General morphologies of the NPs were characterized using TEM (Philips CM120). All of the hydrodynamic diameters and ζ-potentials were measured by DLS/ELS (Malvern ZS90). AFM height profiles were acquired by Bruker BioScope Resolve. Fluorescence overlapping analysis was performed on a laser confocal microscope (Nikon Super-resolution Microscope, N-Sim). The crystallinity and phase of Ni NPs were examined by XRD (SmartLab, Rigaku) with a Cu-Kα radiation source (λ = 0.1541 nm). Hysteresis curves of Ni NPs were obtained by VSM (Quantum Design PPMS).

Setup for ODMR measurement

ODMR measurements were carried out on a home-built laser scanning confocal image system (Supplementary Fig. 11). Enameled copper wires (~30 µm diameter) were used to deliver microwave to the NDs in solution. Fast frequency sweep (list-mode of SMIQ03B, 2 ms dwell time for each frequency) under multi-run was employed to average out the fluctuation of fluorescence counts, which can be caused by the laser power fluctuation and the sample drift. The sample temperature was controlled by a TEC heater and monitored by a nearby resistance thermometer. Typical heating speed was about 5 °C per min, and another 10 min were included to stabilize the solution temperature at its equilibrium state, which was confirmed by the resonant frequency of nearby NDs. Details of the temperature calibration method and data can be found in Supplementary Note 5.

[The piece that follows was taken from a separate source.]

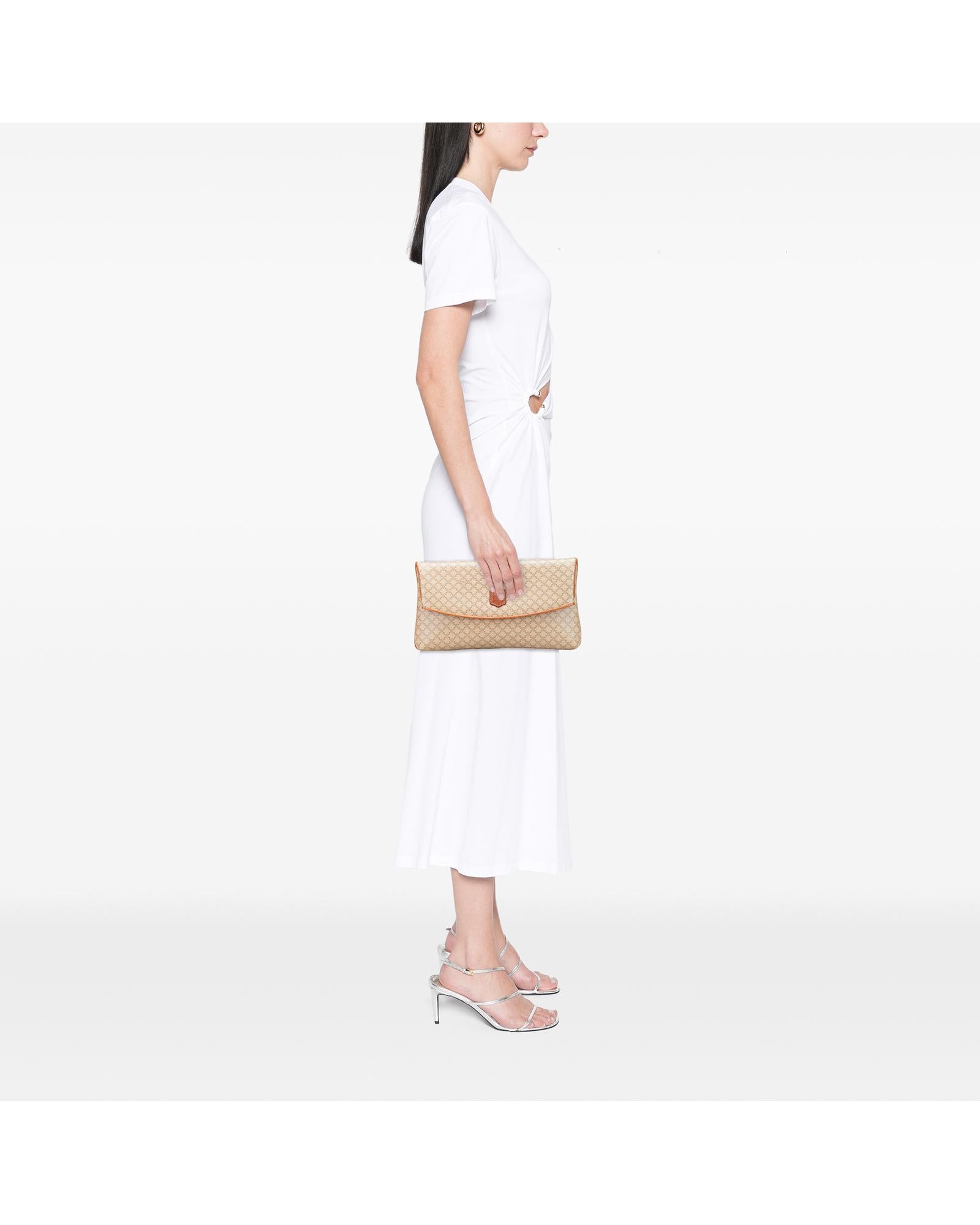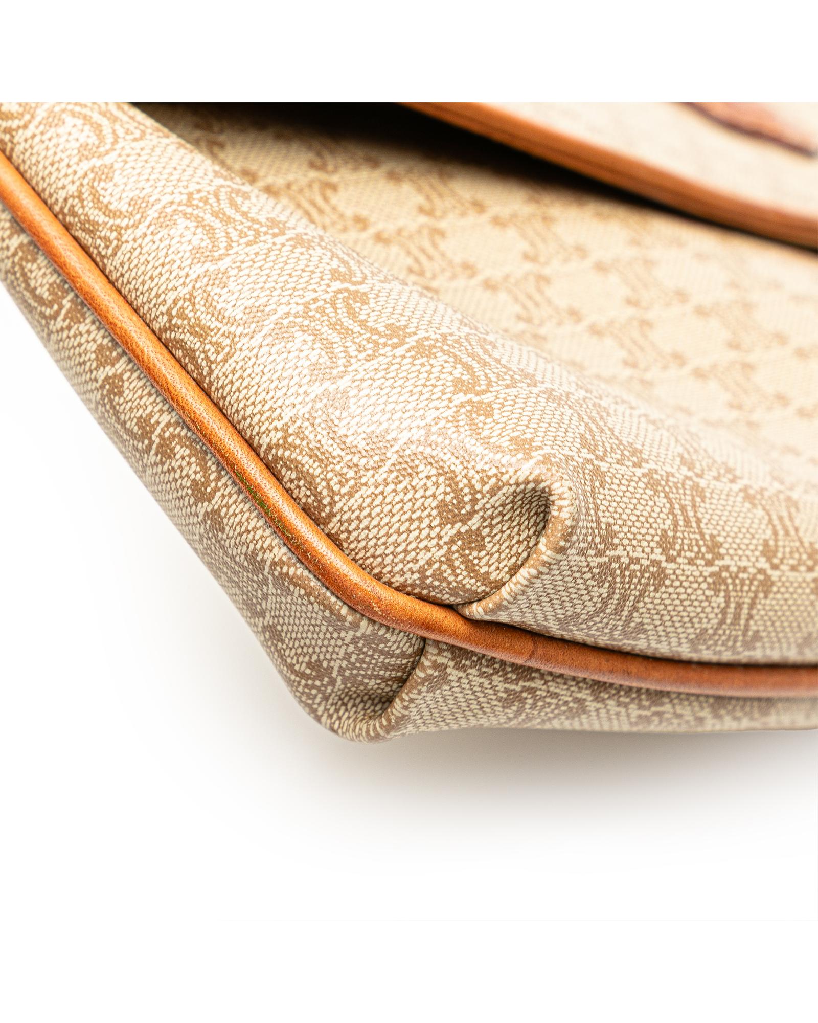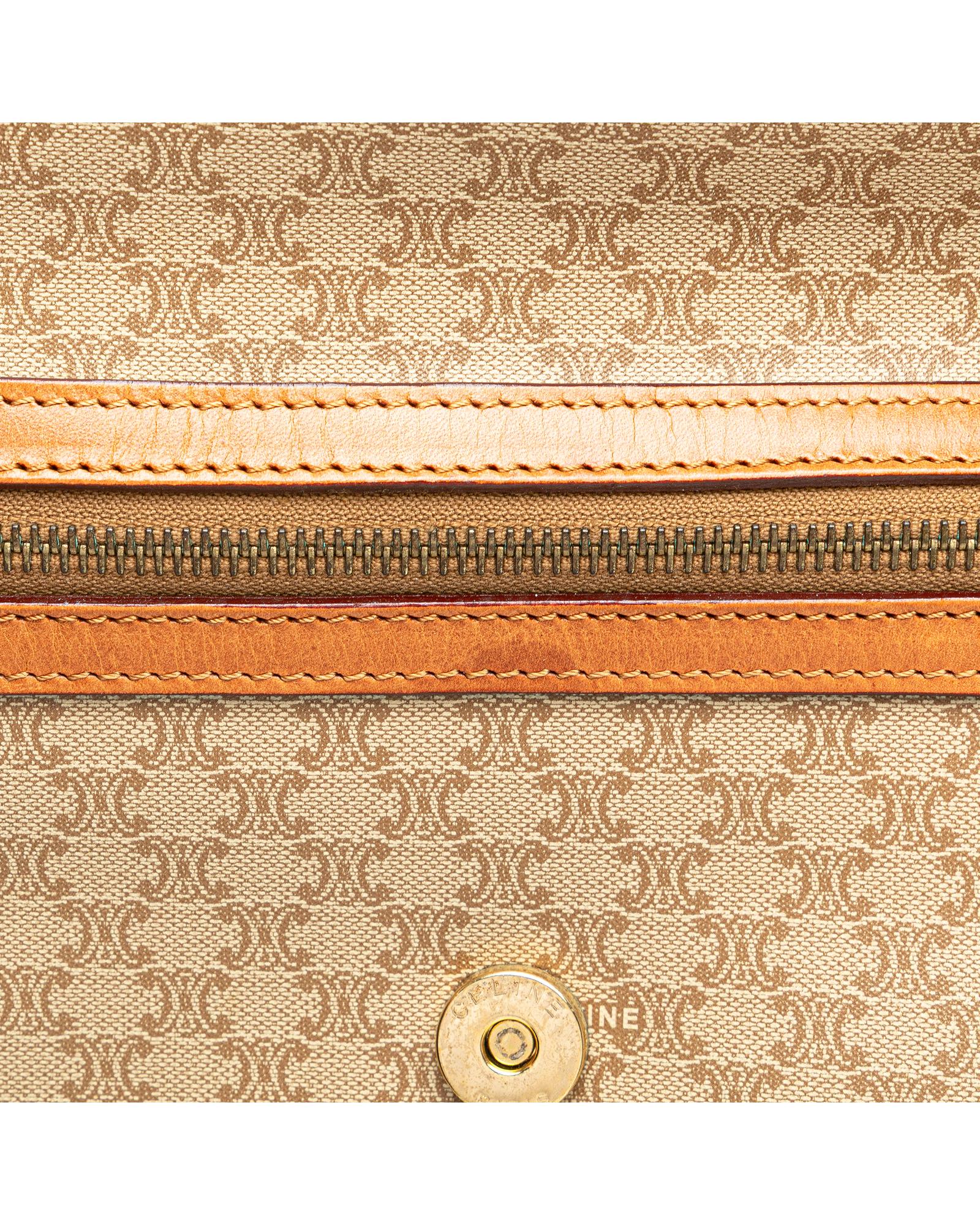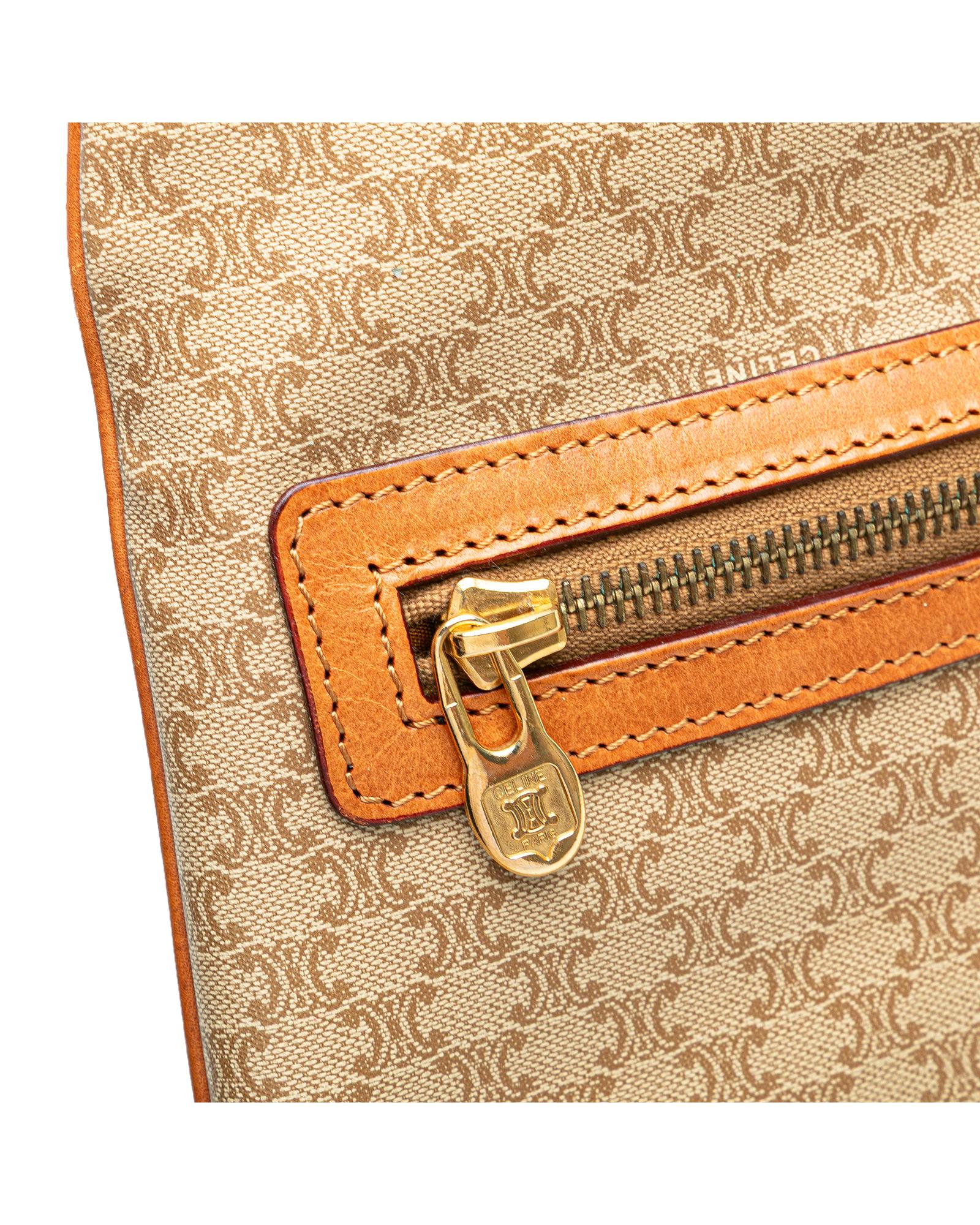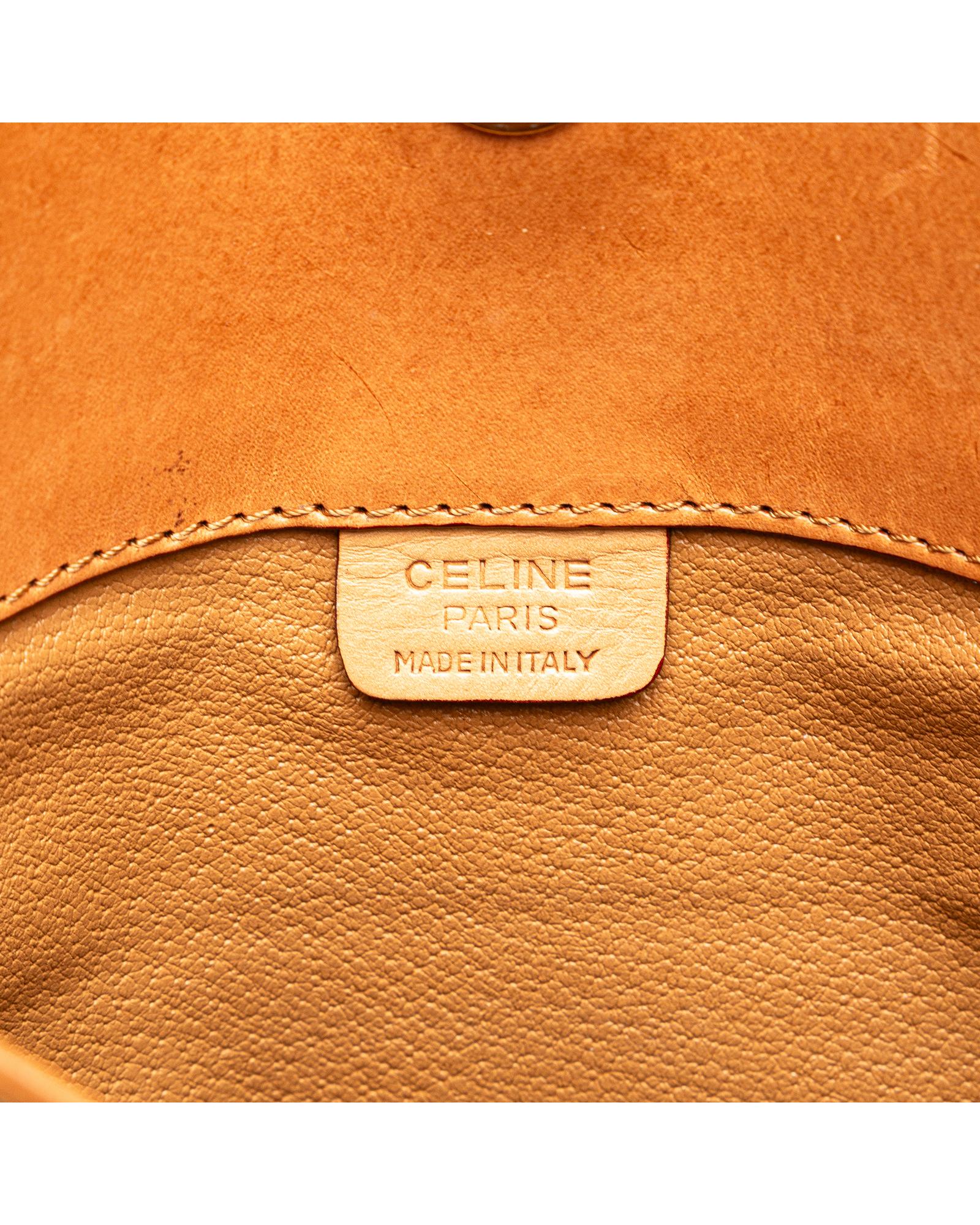 This clutch bag features a coated canvas body with leather trim a fold-over top with magnetic snap closure and an interior slip pocket.Brand: Celine Vintage
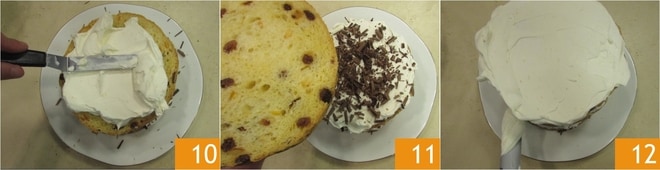 Untad otra capa de crema 10 y añadid más virutas de chocolate, luego cubrid con la tercera rodaja de panettone 11. En este punto, distribuid la crema restante sobre toda la superficie del panettone 12.

Sample preparation for ODMR measurement

The sample for the ODMR measurement was loaded by the following process. Firstly, a solution of ND@pNIPAM–Ni NPs (10 µg ml−1) in 50 µl H2O was dropped to a silicon wafer by pipette. Then the wafer was fixed on the home-built sample chamber on the printed circuit board (PCB). The sample chamber was filled with DI water (or FBS) after the settling down of the hybrid sensors (for about 20 min). Finally, the chamber was covered by a cover glass, with a small gap left to refill DI water (or FBS) for long time measurement. Details of the sample loading are given in Supplementary Note 3.

Numerical simulation

We assumed that the normalized ODMR spectra were the average of the electron spin resonance spectra of the ensemble of NV centers inside the ND with a Lorentzian shape as27

$$S\left( f \right) = \frac{1}{N}\mathop {\sum }\limits_j \left[ {1 - C\frac{{{\mathrm{\Delta }}f^2}}{{4\left( {f - f_j^ + } \right)^2 + {\mathrm{\Delta }}f^2}} - C\frac{{{\mathrm{\Delta }}f^2}}{{4\left( {f - f_j^ - } \right)^2 + {\mathrm{\Delta }}f^2}}} \right]$$
(1)

where N is the number of NV centers, C is the contrast, Δf is the FWHM, and \(f_j^ \pm \approx D \pm \sqrt {E_j^2 + \gamma _e^2B_j^2}\) are the transition frequencies of the jth NV center spin. Ej is the local strain perpendicular to the axis of the jth NV center. The distribution of the local strains among NV centers was assumed to be a 2D Gaussian function with variance σE. Typical values of Δf = 9 ± 4 MHz (standard deviation of six NDs) and σE = 3.6 ± 0.5 MHz (standard deviation of six NDs) were obtained from the ODMR spectra of the bare NDs. The transition frequencies were determined by the magnetic field Bj projected along the axis of the jth NV center. The frequency shift and the broadening of the ODMR spectra correspond approximately to the mean and variance of the magnetic field, respectively. For details, see Supplementary Note 9.

Sensitivity estimation

The shot-noise-limited sensitivity of the hybrid sensor was estimated (both in the experiments and simulations) to be3,28

$$\eta _P \approx \frac{1}{{\sqrt L }}\left| {\frac{{{\mathrm{d}}S\left( f \right)}}{{{\mathrm{d}}P}}} \right|_{{\mathrm{max}}.}^{ - 1}$$
(2)

where L is the photon count rate and P is the stimulus parameter (temperature in this paper). For details, see Supplementary Note 7.

Data availability

The data which supports the findings of this work is available upon request from the corresponding authors.